*ABOUT THIS TASK*. Would you retype the listing word for word, skipping its pictures?

*RECORDED INFORMATION*.
== Segment start ==

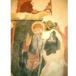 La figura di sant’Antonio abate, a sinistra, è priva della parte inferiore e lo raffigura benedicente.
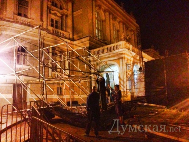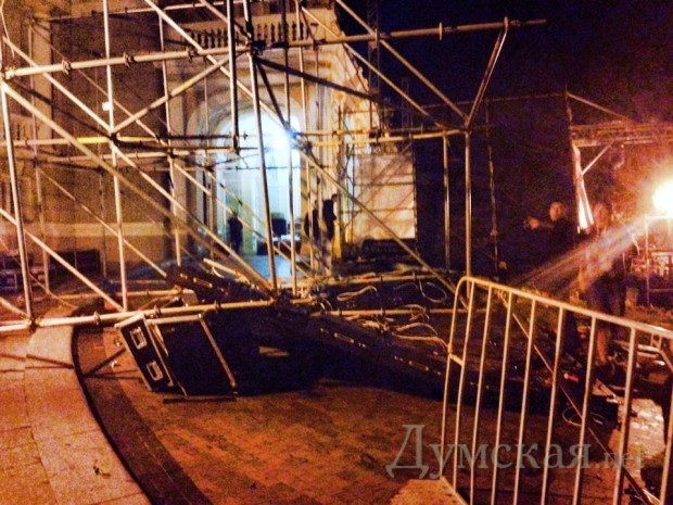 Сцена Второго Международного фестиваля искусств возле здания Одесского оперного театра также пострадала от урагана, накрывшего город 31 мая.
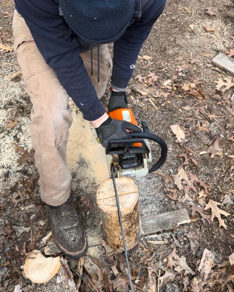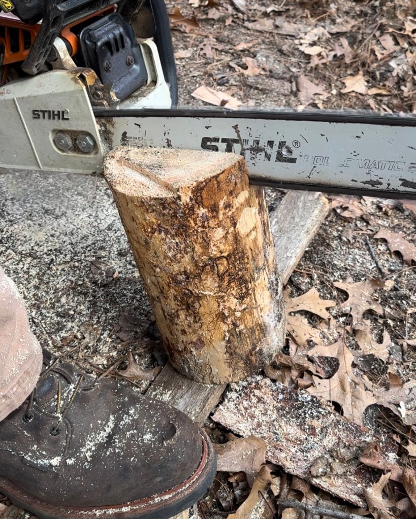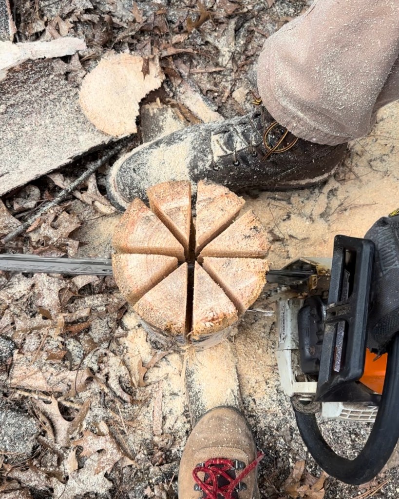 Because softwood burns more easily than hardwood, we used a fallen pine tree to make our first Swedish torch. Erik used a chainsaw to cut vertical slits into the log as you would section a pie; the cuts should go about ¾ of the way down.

== Segment end ==

*TASK RESULT*.
 La figura di sant’Antonio abate, a sinistra, è priva della parte inferiore e lo raffigura benedicente.
 Сцена Второго Международного фестиваля искусств возле здания Одесского оперного театра также пострадала от урагана, накрывшего город 31 мая.
 Because softwood burns more easily than hardwood, we used a fallen pine tree to make our first Swedish torch. Erik used a chainsaw to cut vertical slits into the log as you would section a pie; the cuts should go about ¾ of the way down.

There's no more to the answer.